*Goal of the exercise*
Among the lines below, keep only those from the one containing "En este punto" through the one containing "Using the above", and reproduce them exactly.

*Exercise inputs*
# # # # # # #

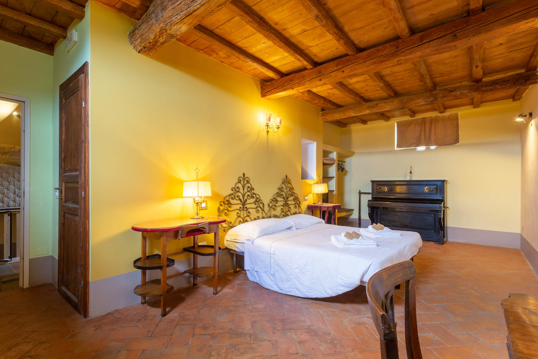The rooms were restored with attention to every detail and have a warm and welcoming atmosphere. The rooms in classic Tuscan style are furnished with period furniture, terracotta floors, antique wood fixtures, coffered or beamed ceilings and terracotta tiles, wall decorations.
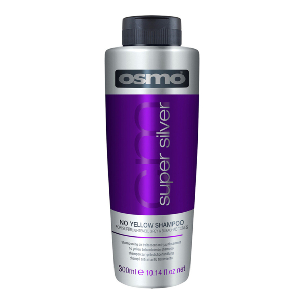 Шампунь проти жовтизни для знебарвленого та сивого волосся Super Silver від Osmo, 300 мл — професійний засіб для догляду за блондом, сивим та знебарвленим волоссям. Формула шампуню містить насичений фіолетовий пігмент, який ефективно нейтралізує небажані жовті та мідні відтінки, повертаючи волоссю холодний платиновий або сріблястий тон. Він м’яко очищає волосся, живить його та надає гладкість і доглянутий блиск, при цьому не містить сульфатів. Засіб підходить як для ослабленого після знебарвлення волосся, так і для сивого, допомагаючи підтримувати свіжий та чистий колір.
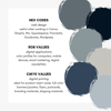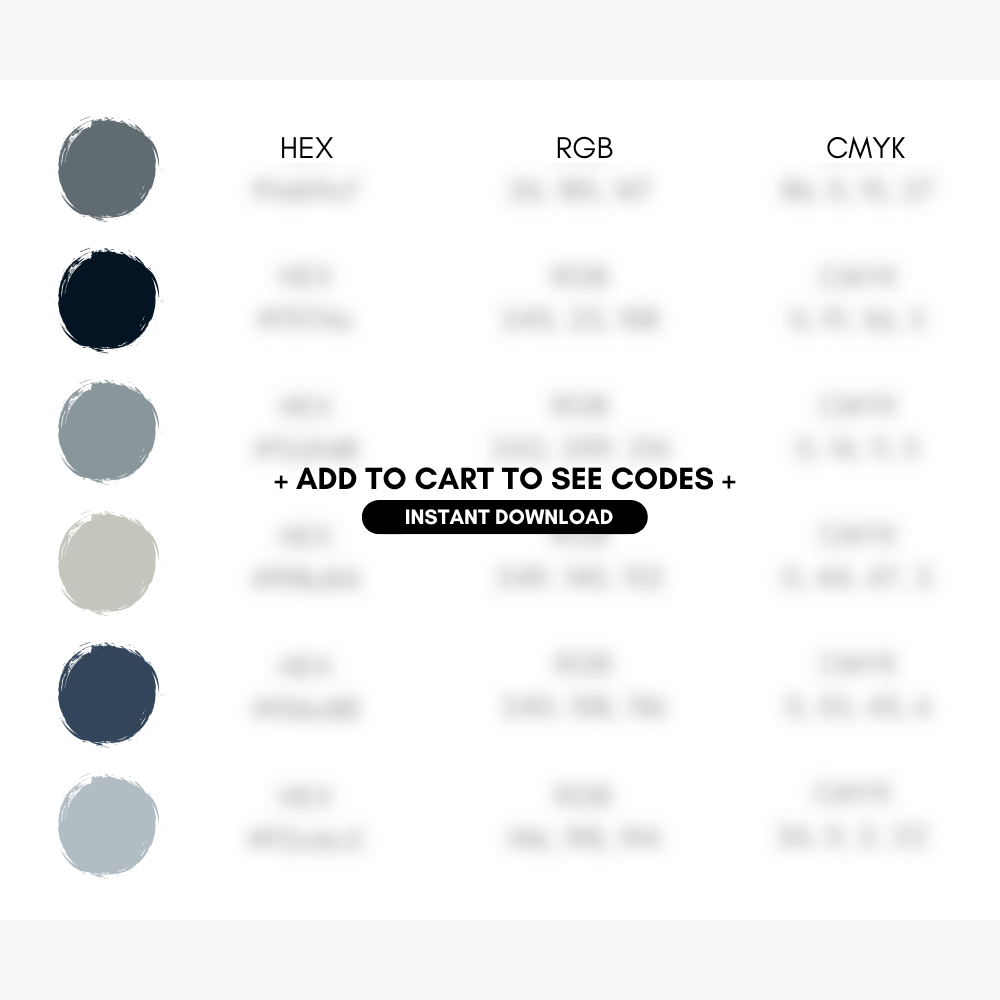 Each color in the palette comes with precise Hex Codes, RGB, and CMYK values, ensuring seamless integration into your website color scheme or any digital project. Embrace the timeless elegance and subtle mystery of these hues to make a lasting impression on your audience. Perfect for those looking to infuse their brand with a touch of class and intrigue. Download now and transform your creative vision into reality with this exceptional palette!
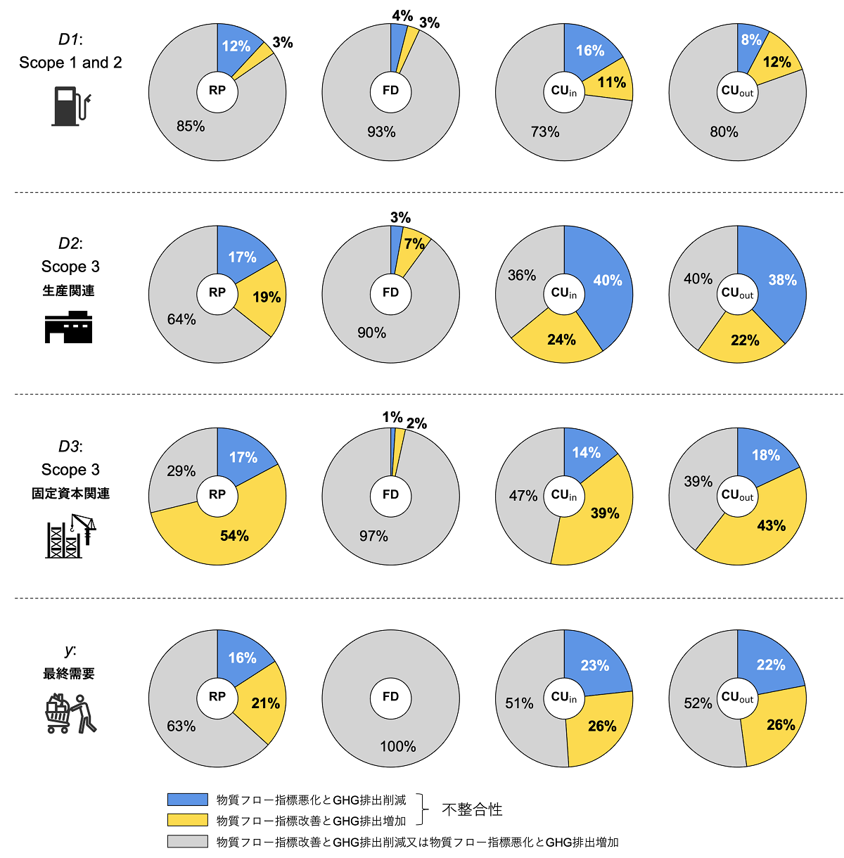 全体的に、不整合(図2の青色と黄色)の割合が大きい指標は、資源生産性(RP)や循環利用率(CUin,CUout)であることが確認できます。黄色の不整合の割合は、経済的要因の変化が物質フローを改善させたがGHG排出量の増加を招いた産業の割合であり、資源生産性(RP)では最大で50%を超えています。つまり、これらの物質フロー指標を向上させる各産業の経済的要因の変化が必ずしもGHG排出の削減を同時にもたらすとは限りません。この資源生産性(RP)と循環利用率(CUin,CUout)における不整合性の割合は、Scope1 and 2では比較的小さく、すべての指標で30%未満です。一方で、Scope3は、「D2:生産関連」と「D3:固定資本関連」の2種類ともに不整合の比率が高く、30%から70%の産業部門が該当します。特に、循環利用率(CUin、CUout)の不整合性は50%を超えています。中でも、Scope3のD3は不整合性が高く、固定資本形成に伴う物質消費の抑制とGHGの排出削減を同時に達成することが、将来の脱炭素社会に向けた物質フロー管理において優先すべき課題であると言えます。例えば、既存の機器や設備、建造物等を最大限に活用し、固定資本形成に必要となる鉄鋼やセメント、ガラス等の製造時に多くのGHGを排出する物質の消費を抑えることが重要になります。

# # # # # # #

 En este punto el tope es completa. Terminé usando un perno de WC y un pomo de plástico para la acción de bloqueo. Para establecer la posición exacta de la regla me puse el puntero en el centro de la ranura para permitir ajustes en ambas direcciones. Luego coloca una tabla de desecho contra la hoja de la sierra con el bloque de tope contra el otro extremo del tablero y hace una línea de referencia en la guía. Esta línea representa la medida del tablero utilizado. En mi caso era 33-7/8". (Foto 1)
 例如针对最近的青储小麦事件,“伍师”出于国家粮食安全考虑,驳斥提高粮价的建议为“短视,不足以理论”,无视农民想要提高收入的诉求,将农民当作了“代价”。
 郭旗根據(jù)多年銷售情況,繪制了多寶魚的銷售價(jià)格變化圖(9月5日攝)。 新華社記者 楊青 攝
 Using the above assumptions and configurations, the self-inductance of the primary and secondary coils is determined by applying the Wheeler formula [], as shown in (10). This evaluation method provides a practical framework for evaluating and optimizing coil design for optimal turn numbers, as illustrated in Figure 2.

# # # # # # #

*Solved problem*
 En este punto el tope es completa. Terminé usando un perno de WC y un pomo de plástico para la acción de bloqueo. Para establecer la posición exacta de la regla me puse el puntero en el centro de la ranura para permitir ajustes en ambas direcciones. Luego coloca una tabla de desecho contra la hoja de la sierra con el bloque de tope contra el otro extremo del tablero y hace una línea de referencia en la guía. Esta línea representa la medida del tablero utilizado. En mi caso era 33-7/8". (Foto 1)
 例如针对最近的青储小麦事件,“伍师”出于国家粮食安全考虑,驳斥提高粮价的建议为“短视,不足以理论”,无视农民想要提高收入的诉求,将农民当作了“代价”。
 郭旗根據(jù)多年銷售情況,繪制了多寶魚的銷售價(jià)格變化圖(9月5日攝)。 新華社記者 楊青 攝
 Using the above assumptions and configurations, the self-inductance of the primary and secondary coils is determined by applying the Wheeler formula [], as shown in (10). This evaluation method provides a practical framework for evaluating and optimizing coil design for optimal turn numbers, as illustrated in Figure 2.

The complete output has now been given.